I knew Zevra Therapeutics (NASDAQ:ZVRA) when it was KemPharm, a commercial stage developer of prodrugs. Zevra, on the other hand, develops treatments for rare diseases. In May last year, Zevra, then KemPharm, acquired arimoclomol, an orally-delivered, first-in-class molecule targeting Niemann-Pick type C disease (“NPC”), and morphed into a rare disease player. Arimoclomol is a late stage product with a completed phase 3 and the company is about to submit an NDA.
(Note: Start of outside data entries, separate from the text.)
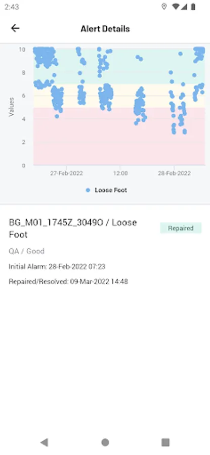 • Ver diagramas y gráficos capturados por el SMS, Incluyendo Vibración, Campo Magnético, Velocidad del motor, Temperatura del motor, Estado de salud de los componentes del motor y mucho más.
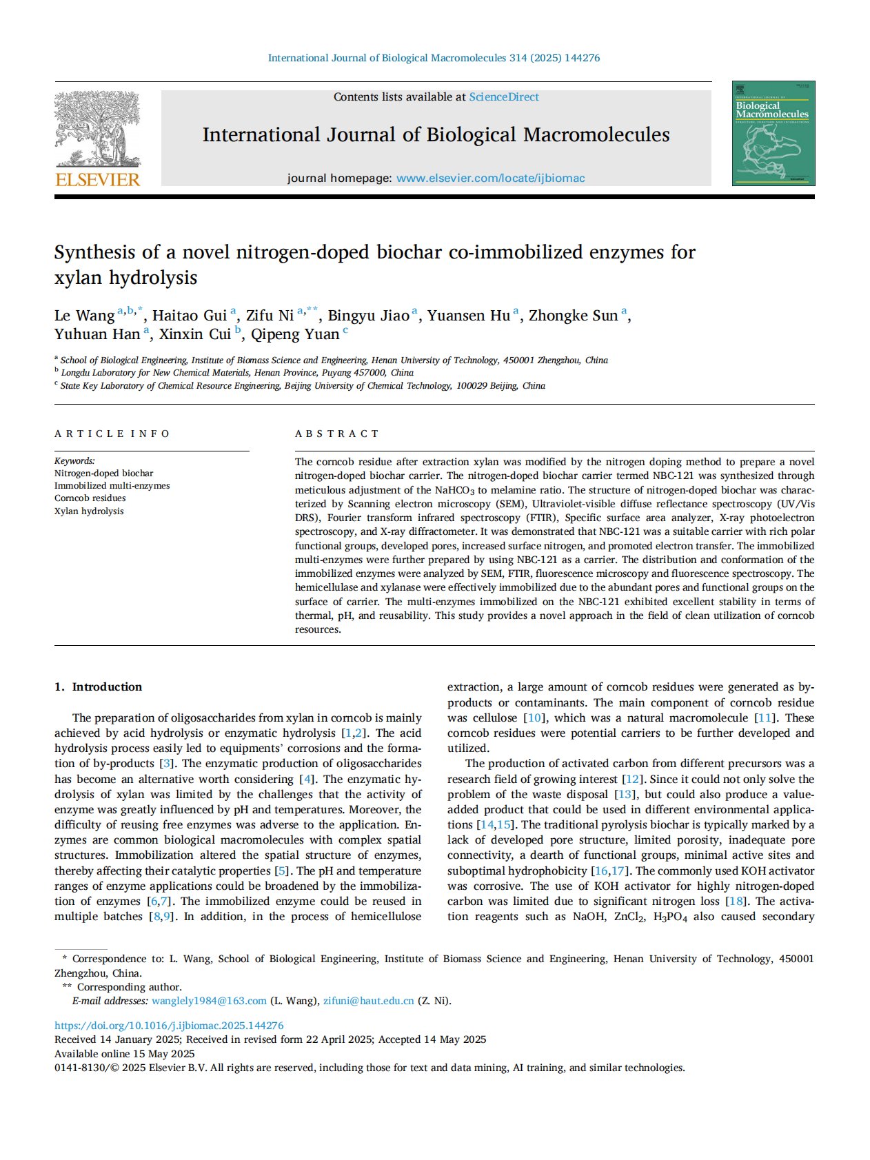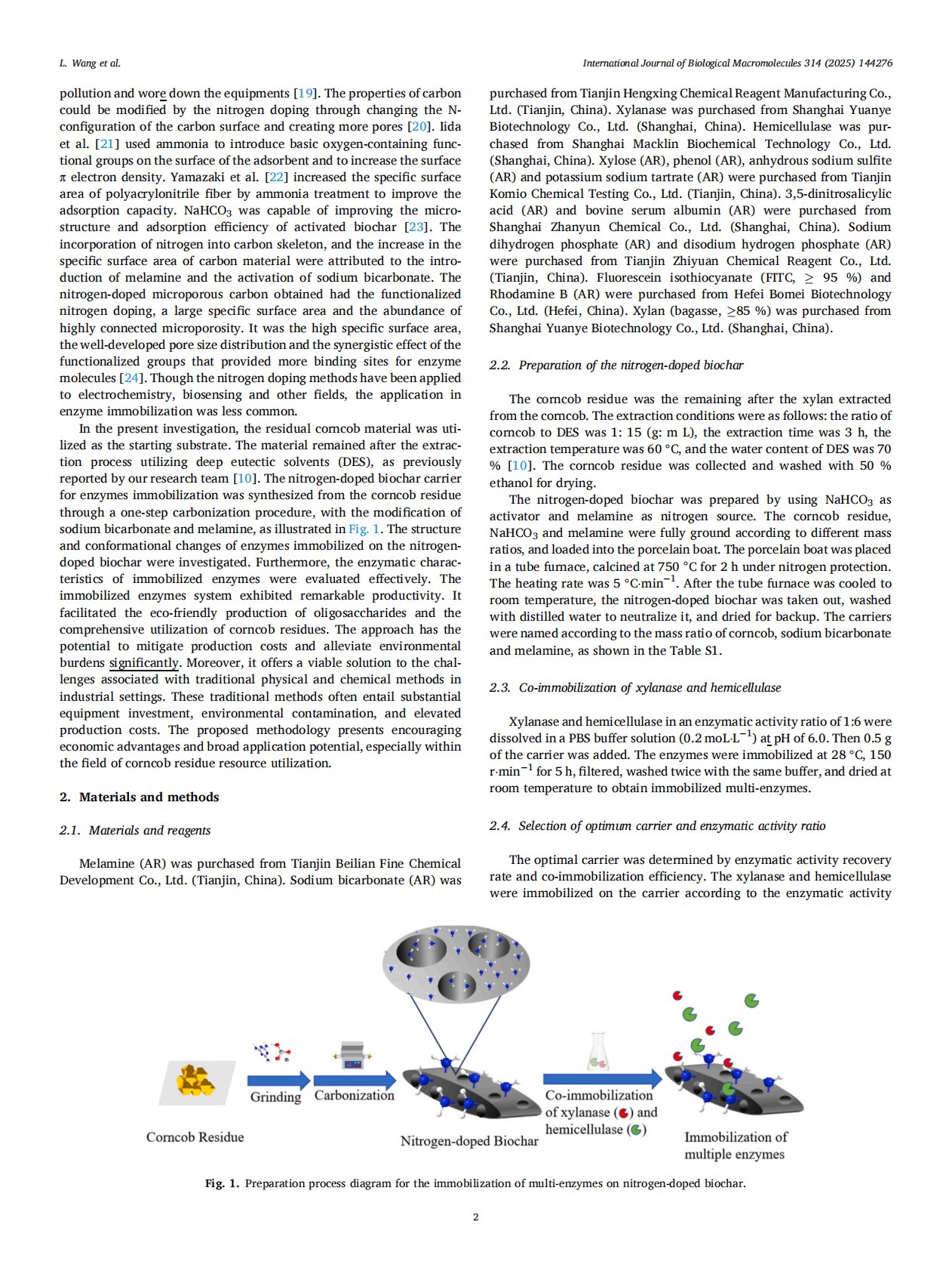 标题:Synthesis of a novel nitrogen-doped biochar co-immobilized enzymes for xylan hydrolysis
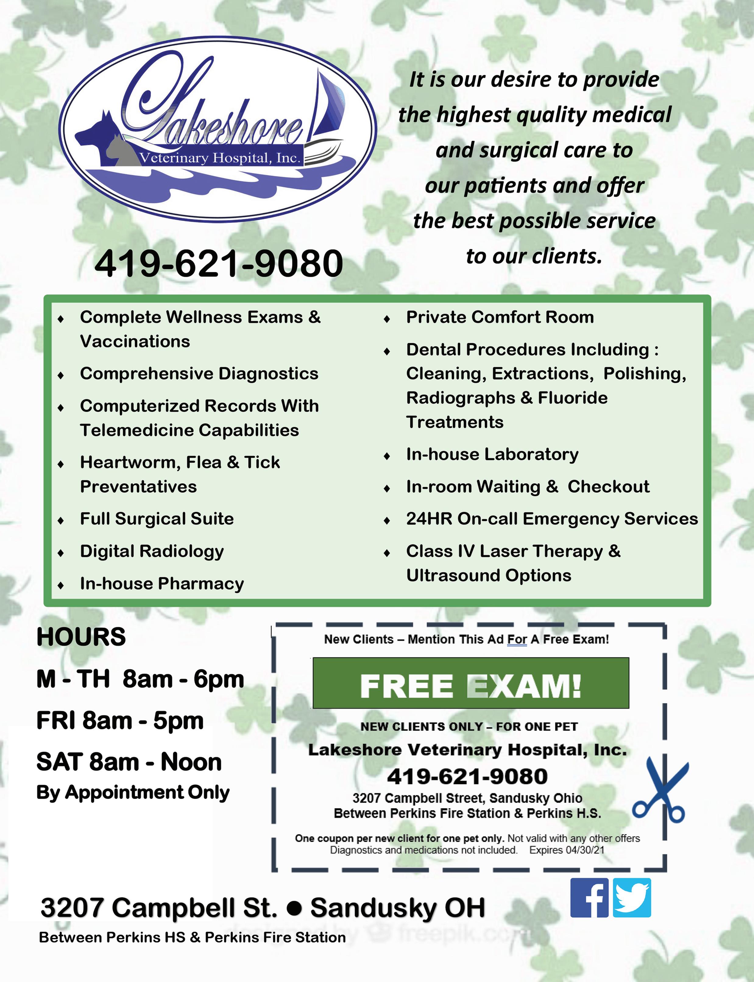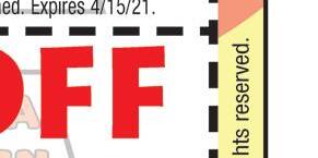 ❄ ❄ Recyle, Repurpose, & Upcycle! Find your hidden treasures and give them new life at the ReStore! FREE DELIVERY SALE! Spend $250 or more, get FREE Delivery! DONATIONS ACCEPTED! Tuesday-Friday 10-5 • Saturday 9-4 “Like” us on Facebook for a chance to win a $50 gift card! 419-621-2207 www.firelandshabitat.org 7602 Milan Road • Sandusky Corner of Fox Road, 1/2 mi. S of Kalahari OPEN TO THE PUBLIC Give your old stuff a chance at a second life. We’ll even come and get it! Offer valid March 1-March 31, 2021 77 E. Main St. • Norwalk 419-668-4665 Toll Free 1-800-423-1310 “We take pride in what you stand on.” Mon & Fri 8:30-5 Tues-Thurs 8:30-4 Sat 9-Noon “Like us” on Visit our website at www.balduffs.com for all your floor covering and carpet cleaning needs. CARPET CLEANING TILE CLEANING FURNITURE CLEANING DUCT CLEANING A Full Service Company Since 1980 All Pet is the ONLY CARPET PROTECTION & WARRANTY for all pets, all accidents, all the time! 2021 SPRING SPECIAL WHOLE HOUSE DUCT CLEANING $50 OFF Minimum fee of $250.00. Must present coupon to receive this price. Tax not included. Cannot be combined with other discounts. Offer valid for one visit only. Expires 04-15-21. Balduff’s CARPET CLEANING THREE AREAS $115 Must present coupon to receive this price. Tax not included. Areas over 250 sq ft of carpet considered a separate area. Cannot be combined with other discounts. Offer valid for one visit only. Expires 04-15-21. Balduff’s 20% OFF Must present coupon to receive discount. Tax not included. Cannot be combined with other discounts. Expires 04-15-21. Balduff’s SMART STRAND CARPET 21% OFF Must present coupon to receive discount. Tax not included. Cannot be combined with other discounts. Expires 04-15-21. Balduff’s SMART CUSHION

The pipeline looks like this:
Zevra pipeline (Zevra website)
Arimoclomol will resubmit an NDA to the FDA “as early as in Q3, 2023,” says the company. There are 1800 US patients for NPC, and no approved therapies. The asset has orphan drug designation, fast track designation, and rare pediatric disease designation for NPC by the European Medicines Agency (EMA) and FDA as a breakthrough therapy in NPC. Note that the parent company withdrew a Marketing Authorization Application from the EMA last year, citing the “EMA’s concerns and their estimate that these could not be addressed in the time available.”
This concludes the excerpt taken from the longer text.